The narrative isn’t difficult to grasp for those who haven’t run through the original; Faith, the game’s grumpy (but the sort of grumpy where she has reasons for it), bobbed revolutionary and protagonist is released from prison by Gabriel Kruger and his totalitarian K-Sec division, but is about to be chucked onto a transport for a trip with a presumably less than edifying end before Icarus, a young, brash fellow with a silly hood intervenes and helps her escape their clutches. You’re led to Noah, your dispatcher and mentor who is more than happy for you to resume your career as a Runner the rooftops of the urban jungle in an effort to topple the state. That predictably requires a veritable buttload of running, jumping and grappling with guards in first person.
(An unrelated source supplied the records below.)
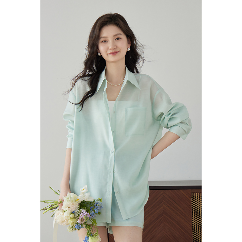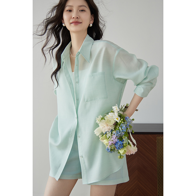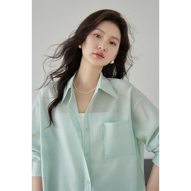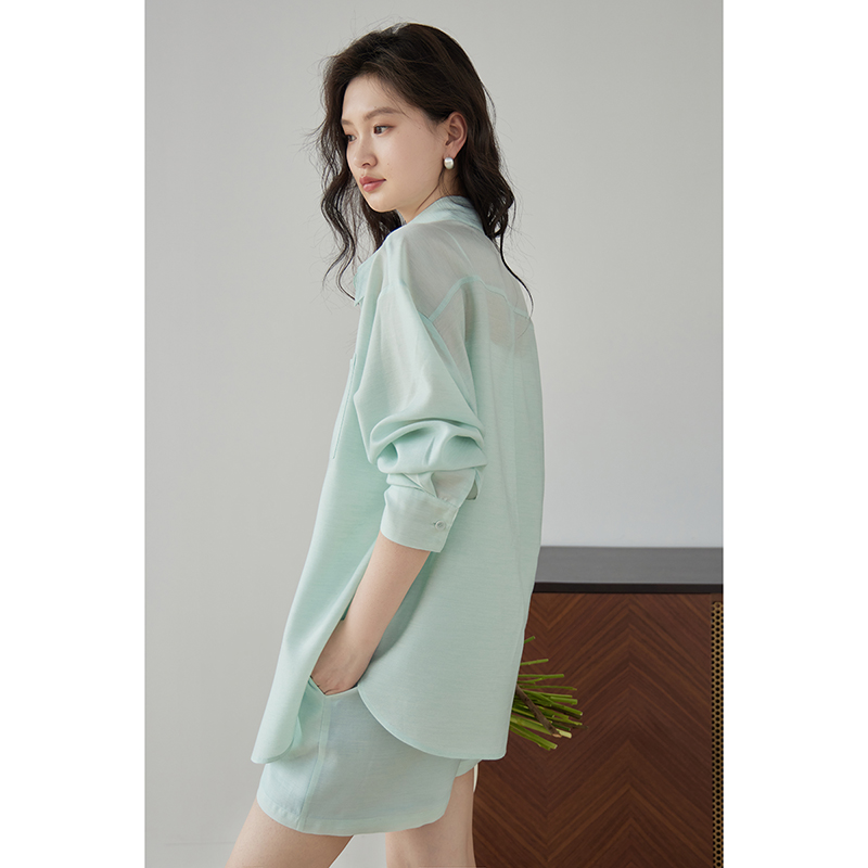 女士蓝色气质通勤衬衣韩版 太平鸟女装 25年款 衬衫 莱赛尔长袖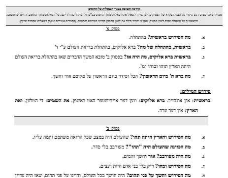 שאלות ותשובות – על הבנת הנקרא – עד פסוק ה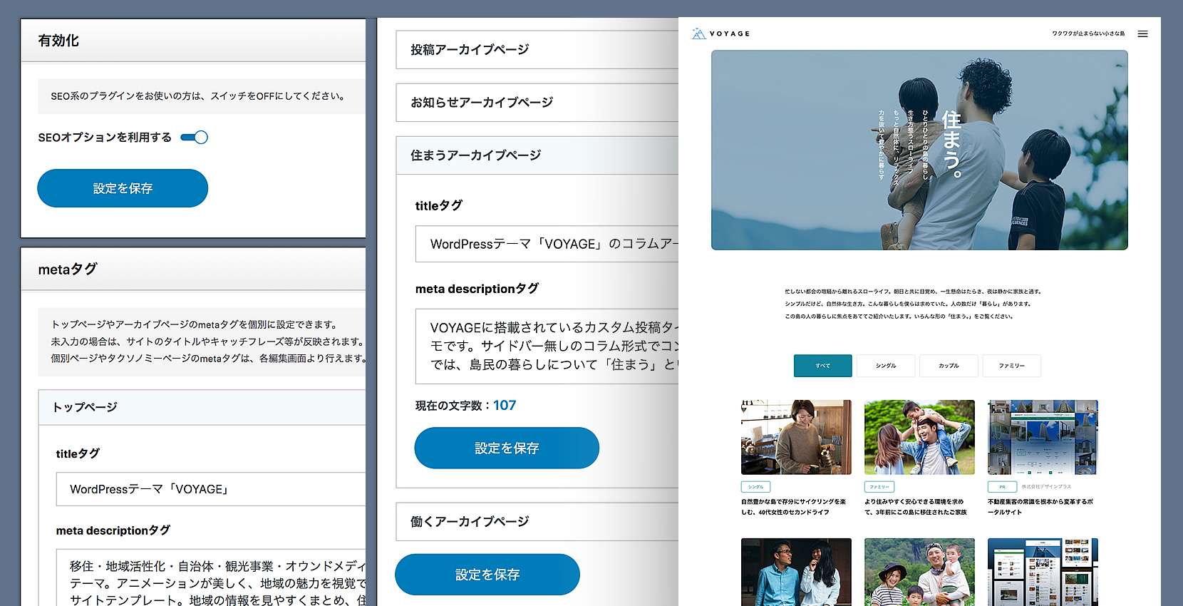 ですが、WordPressテーマ側でも多少なりとも検索結果上昇に貢献することができます。VOYAGEでは、少なからずそのお役に立てるよう、テーマ側でできることは全て可能です。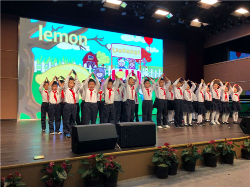 然后是一(3)班小朋友展示他们的英文歌曲《My pet,my buddy》,一(4)班的小朋友展示英文歌曲《Sports Song》。一(3)和一(4)班的小朋友,在校园里生活的点点滴滴,一定也是他们的妈妈们关心的内容,所以,接着我们一起欣赏了他们的校园生活掠影。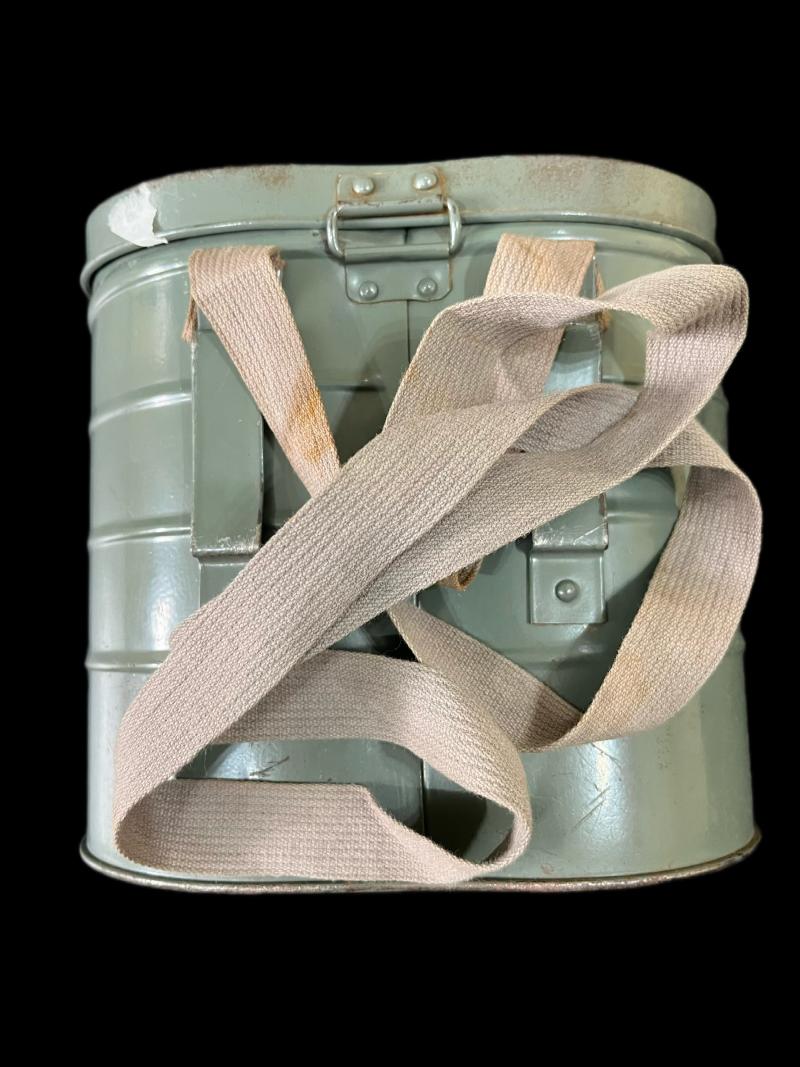 This is a nice Czech FM-3 gas mask with its filter and Fatra tin, the filter is dated 1937, the rubber on the mask in in great condition, the tin is also in decent condition with its carry strap.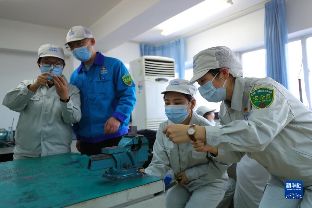 10月31日,柯曉賓(右一)在沈陽(yáng)鐵路信號有限責任公司柯曉賓勞模工作室練功房指導員工進(jìn)行信號鉗工訓練。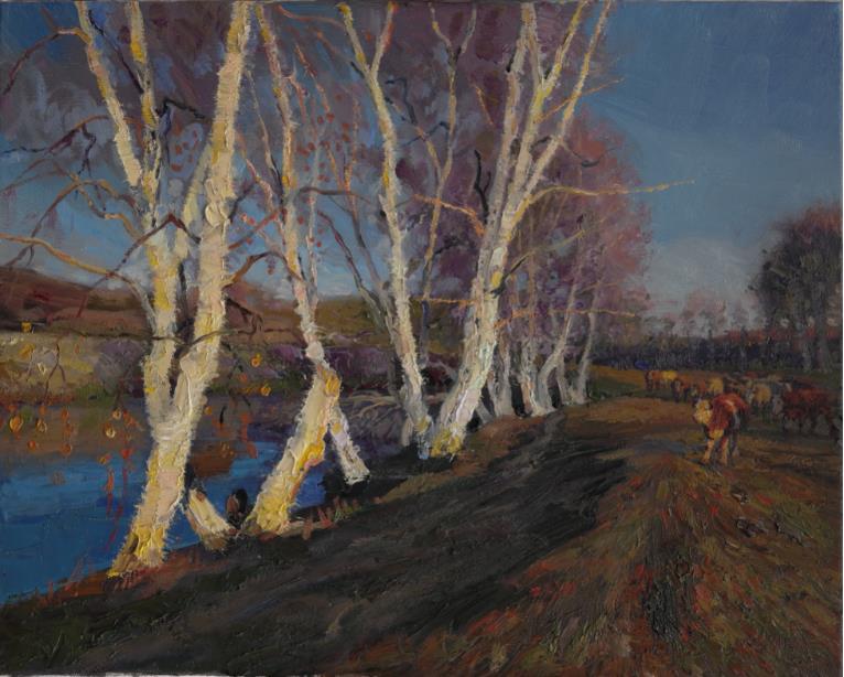俄罗斯油画对中国油画发展有深远影响,上个世纪五十年代,中国公派大批留学生赴前苏联学习油画,从而为中国油画的发展,奠定了良好基础。此外,俄罗斯油画家也不断到中国传授画技,马克西莫夫油画训练班在中国的举办更是筑就了中国现代油画之路。此次画展中的俄方作品,主要汇聚了列宾美术学院的亚历山大▪贝斯特洛夫、叶甫盖尼▪祝波夫、尼基塔▪法明、亚历山大▪诺沃肖洛夫等八位画家50余件作品。画家可分为老中青三代,较为完整的体现了俄罗斯油画的传承与发展。就中国而言,油画虽是中西文化交流中的舶来艺术,但经过几代画家的努力,油画已融入本土成为中国绘画的重要形式。此次画展中的中国部分,集中呈现了中国油画院、中央美术学院杨飞云、朱春林、龙力游、石磊、王其钧、田海鹏等十三位著名画家的佳作。有幽静宁谧的田园风光,有辛勤耕作的劳动人民,有夏日海港,有金秋白桦……他们很好的运用油画这种国际化语言讲述中国故事,表达中国人的情感和精神世界。

Without wanting to divulge too much, some elements of Faith’s story attempt to be dramatic and emotive, but with nothing really feeling at stake due to Faith’s stoicism and Glass’ lack of personality, it’s hard to care that much about proceedings. The supporting cast run the gamut from interesting, in the shape of fast-talking but socially restricted Plastic to Icarus’ restrictive arrogance, but most don’t offer any further depth to the plot besides a steady stream of side missions, even if the cut-scenes they feature in look great. Speaking of which, Catalyst’s visuals are strong throughout, with glittery water effects and responsive views when Faith is reflected in mirrors also particularly pleasing.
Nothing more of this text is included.